The SEC also stated in the Report and Commission Statement that it hopes the public statement of these considerations will encourage more corporate self-policing and the attendant self-reporting and cooperation with its staff. Recent speeches and remarks by the new Chairman of the SEC, an SEC Commissioner and the Director of its Office of Compliance Inspections and Examinations indicate that the SEC is “saying what is on its institutional mind,” (1) and emphasizing the need for accurate financial reporting and auditing (2) and the continued importance of strong corporate compliance programs that quickly address and resolve misconduct (3). In light of the increase in the number of accounting investigations conducted by the SEC, corporations should be aware that the SEC’s(4) Report and Commission Statement likely signals a greater receptiveness to rewarding self-disclosure. While receiving the equivalent of a “pass,” as in the case of Seaboard, will likely remain infrequent, the SEC also stated its willingness to consider reduced charges, lighter sanctions and mitigating language in announcing the resolution of enforcement actions.

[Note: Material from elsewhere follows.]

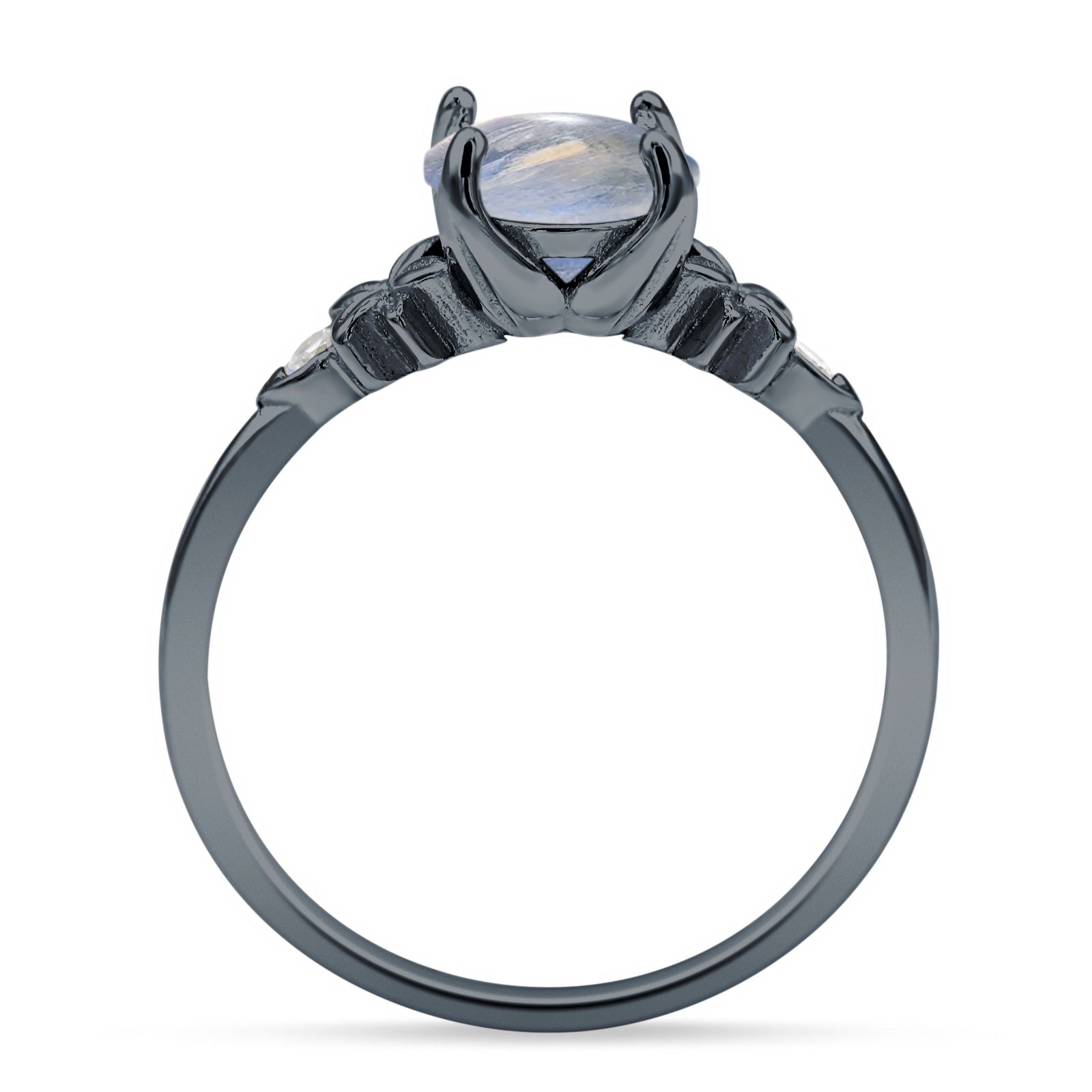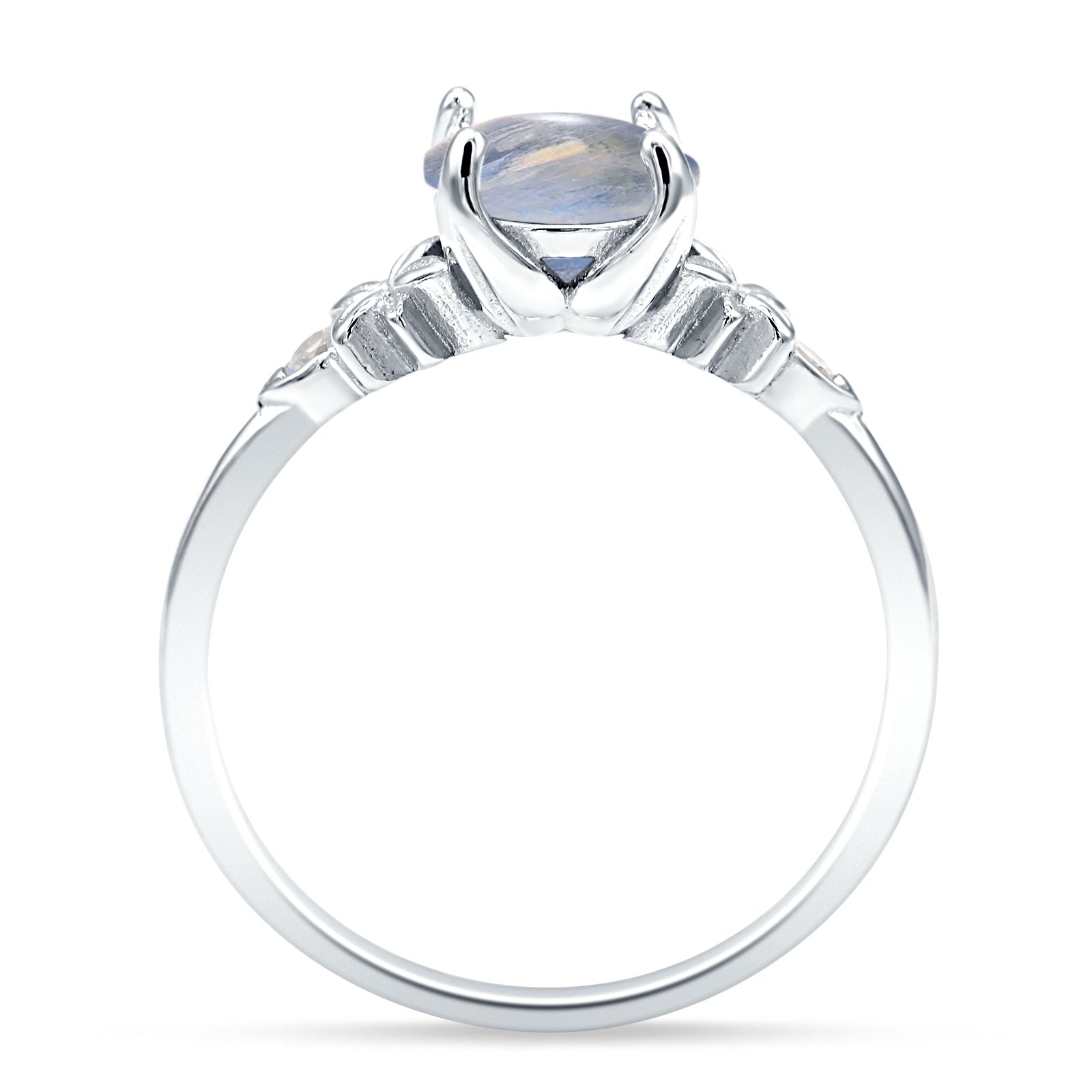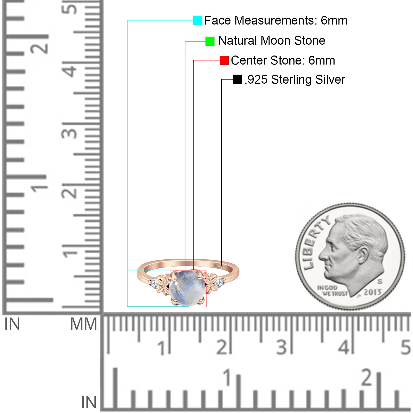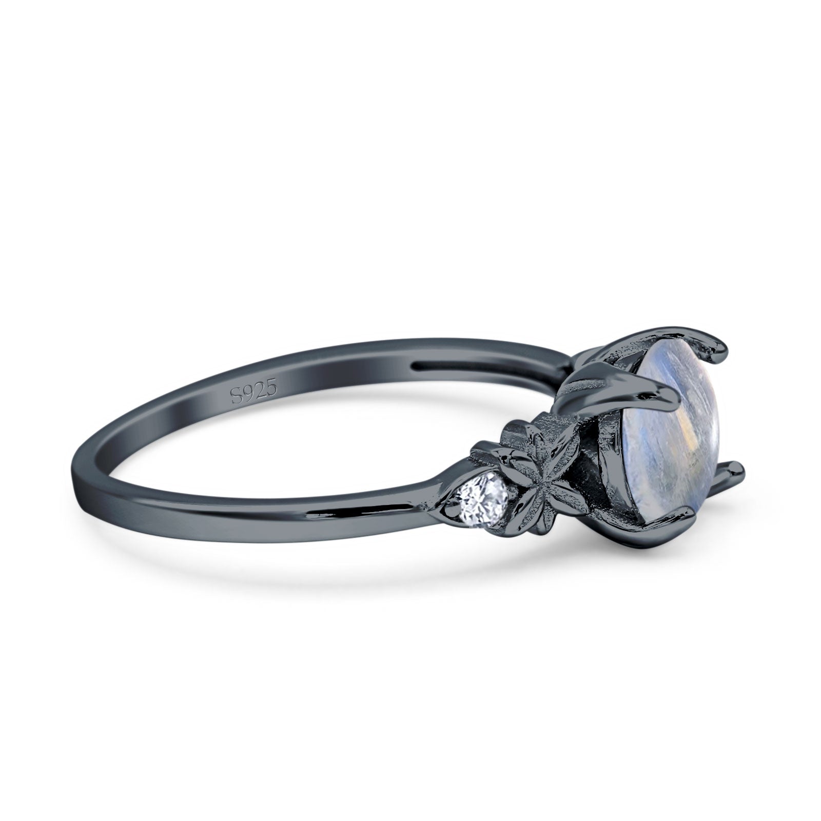 Art Deco Round Natural Moonstone Floral Ring 925 Sterling Silver

Beyond the context of securities enforcement actions and SEC investigations, the criteria in the SEC’s Report and Commission Statement are a blueprint for corporations on the questions they will likely face by a government enforcement office. Most corporations have established formal compliance programs, codes of conduct and best practices. A management recognition of the value of early detection, remediation and cooperation in appropriate cases is an important component of any such program. Indeed, several government agencies such as the Tax and Antitrust Divisions of the Department of Justice have created amnesty policies designed to reward corporations that self-disclose wrongdoing with reduced charges, and in certain situations outright relief from corporate liability, for the reported violations. Corporate strategy and long-term focus with these ingredients in mind can often be the best approach for companies when they discover wrongdoing.

Endnotes

1. Speech by SEC Chairman Harvey L. Pitt, Remarks Before the AICPA Governing Council (October 22, 2001).

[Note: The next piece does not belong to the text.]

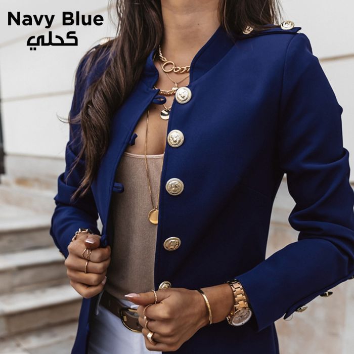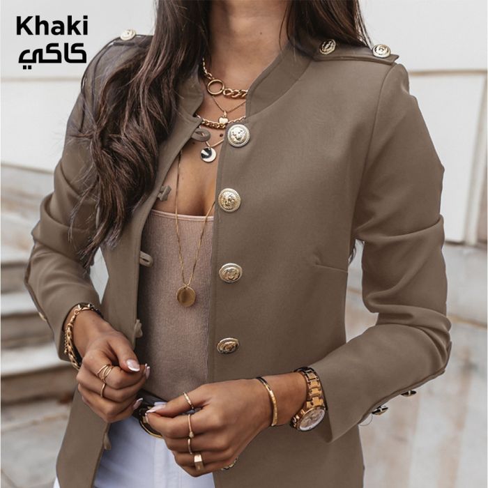 This Women's Long-sleeved, Slim-fit Cropped Blazer is Crafted from Cotton for a Professional Look. It Features a Short, Narrow Cut That Accentuates the Waist. It's Ideal for Work, Meetings, and Formal Occasions That Require a Polished Look. It Maintains Its Quality and Shape Thanks to Meticulous Stitching.

2. Speech by SEC Commissioner Isaac C. Hunt, Jr., Accountants as Gatekeepers – Adding Security and Value to the Financial Reporting System (October 26, 2001).
3. Speech by Lori A. Richards, Compliance Professionals Play Proactive Defense (October 18, 2001).
4. Michael Schroeder, “SEC List of Accounting-Fraud Probe Grows,” The Wall Street Journal, Front Page (July 6, 2001) (reporting on SEC officials’ statements that it had 260 accounting investigations under way, a major increase from recent years).